CROSS FM LIVE PEACE BRAND-NEW GIG VOL.3
2000.3.16(thu) at DRUM Be-1
●text/Saori Nakashima ●photographs/Yukino Nakanishi

ドラムレスの3ピース・バンド、Dutch Training。初の福岡上陸である。ライヴには生のドラムがサポーティング、NORIO(Vo &G)ふしぎ(G&Machine)Junya(Ba&Machine)という独特のトライアングルを盛り上げていく。中でも、歪んだギター、毒々しいベース--例えば『LIMIT』にあふれる疾走感や影、『FLYING』の持つ切なさといった部分は、CDのそれ以上に激しいアプローチを見せ、彼らに対するパブリック・イメージをある意味、軽く覆した。
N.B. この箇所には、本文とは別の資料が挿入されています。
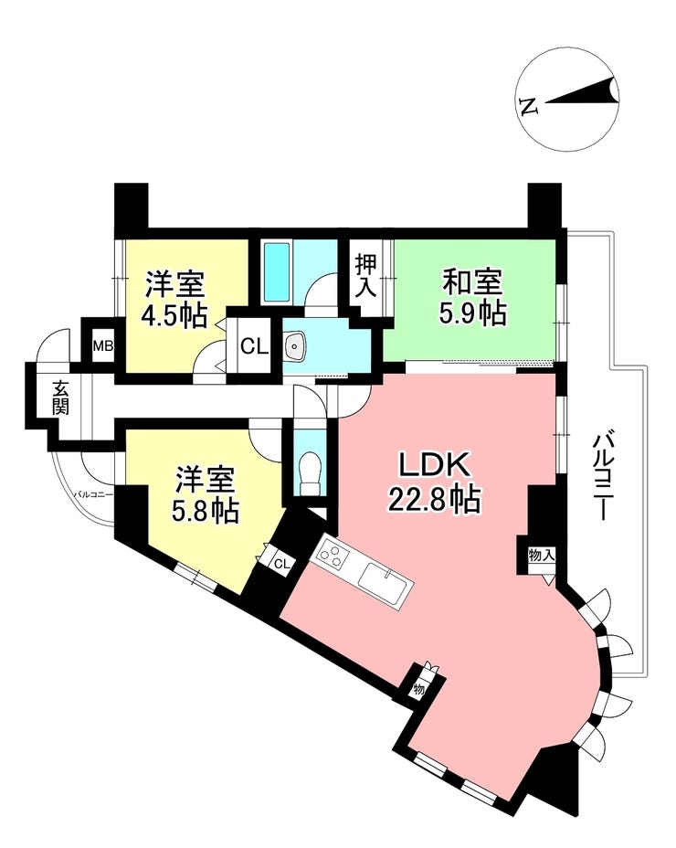 | 主要採光 | 南向 | バルコニー | 北向11.79㎡ |

もちろん、甘く切ないファルセットが印象的な『Stay』や、ストレートでありながら自分たちなりの着地点をハッキリと見据えた『空の終わり』などでは、彼らの持つメロディー・センスの高さを改めて見せつけられ、今後さらに高まるであろう“ライヴとしての躍動感”に大きな期待を感じさせてくれた。
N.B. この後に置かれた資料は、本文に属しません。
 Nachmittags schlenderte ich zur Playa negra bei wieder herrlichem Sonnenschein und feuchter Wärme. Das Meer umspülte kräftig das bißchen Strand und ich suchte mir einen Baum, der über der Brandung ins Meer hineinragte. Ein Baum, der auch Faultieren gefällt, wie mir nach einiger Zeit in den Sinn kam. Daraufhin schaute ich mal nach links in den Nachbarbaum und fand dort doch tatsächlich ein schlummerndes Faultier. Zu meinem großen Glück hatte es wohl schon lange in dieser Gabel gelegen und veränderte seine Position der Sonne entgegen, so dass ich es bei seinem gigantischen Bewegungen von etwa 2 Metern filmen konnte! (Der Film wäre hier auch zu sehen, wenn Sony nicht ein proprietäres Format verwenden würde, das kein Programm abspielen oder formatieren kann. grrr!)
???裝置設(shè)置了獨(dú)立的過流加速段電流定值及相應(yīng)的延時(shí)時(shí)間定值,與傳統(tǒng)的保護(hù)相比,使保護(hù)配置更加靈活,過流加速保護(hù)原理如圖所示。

 また、桃乃未琴も、これまでにインストア・ライヴという形での演奏は行ったものの、今回のようにキーボード、ギター、ドラム、ベースというフル・バンドでの来福は本当に初めて。といっても、未琴自身の立ち振るまいがそうであるように、ステージそのものに過剰な気負いや演出は無く、MCでも「で、どうよ?楽しんでる?」と、まるで偶然、友だちと会ってする立ち話のようなラフさで問いかける。それは、よりダイナミックにアレンジされた『めくるめく愛へのハイウェイ』『あなたは海の底 2000-DROP』といった楽曲で吐き出す激しい熱度とは対照的に、グッと聴き手を身近に寄せ、“桃乃未琴”という存在感をより圧倒的に映し出すことにもなる。ラストは『羽根』。3月号のインタビューで語ったように、この曲も含めて今後はもっと彼女の中のトラウマ的な部分が、歌となり昇華されるであろう。もちろん、今回のライヴでは演奏されなかったけれども、5月24日にリリースされる新曲『青いトゲ』もそのひとつだ。次回は是非、ワンマン・ライヴで彼女としっかり向き合いたい--そんな思いを噛み締めたライヴであった。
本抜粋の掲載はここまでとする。